If the candidate transcript is hypothesised to be part of a pathway, KD of pathway partners and qPCR on these for each of the KDs will be used to verify the pathway. Once the upstream candidate is identified microarray experiments comparing the KD mosquitoes with GFP-injected controls will identify larger-scale changes.

Characterisation of the transcript will depend upon its hypothesised function. To identify these putative functions, a variety of resources are available, including literature trawling, enrichment analysis and homology-based methods. An array of techniques can be employed to determine the function of the candidate including insecticide binding assays, behavioural assays, localisation studies, proteomics, structural resolving, up-regulation through transgenic lines and complete knock out via CRISPR.
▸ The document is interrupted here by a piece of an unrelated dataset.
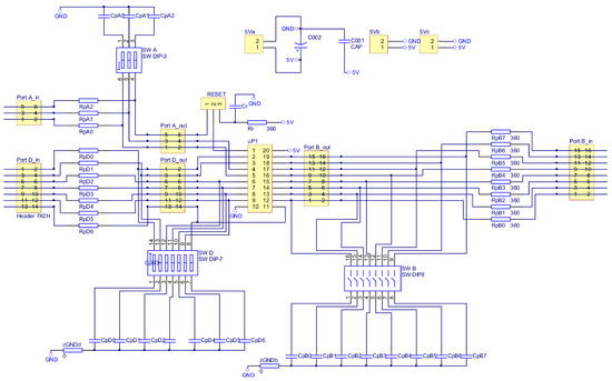 As part of the research work, an electronic commutator system was created. The schematic diagrams in Figure 16, Figure 17 and Figure 18 show the elements of the electronic commutator bridge and their connections. Figure 18 shows the control elements of the DC/DC converter.
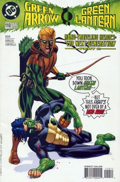 Green Lantern/Green Arrow crossover, Next Generation, Pt. 2 of 4. Cover pencils by Rodolfo Demaggio, inks by Robert Campanella. Desolation Again starring Green Arrow [Connor Hawke], Green Lantern [Kyle Rayner], The Judge of Desolation, and Hatchet, script by Chuck Dixon, pencils by Rodolfo Damaggio, inks by Robert Campanella; Green Arrow and Green Lantern are "Hard-Traveling" heroes, just like their namesakes, as they go on a quest for Kyle's Dad. 36 pgs. $2.25. Cover price $2.25.

Population genetics tools and heritability analysis can then be employed to determine whether there is scope and value to use the transcript as an in-field diagnostic. By identifying SNPs or other variable genetic regions in-field resistance diagnostics via PCR, or restriction digest PCR can be developed.

A further output from this fellowship will be to inform industry partners such as IVCC of potential candidate targets for new insecticides. To this end, Plasmodium falciparum competence of the mosquito will be assessed to ensure that disruption of the transcript will not affect this in a significant way.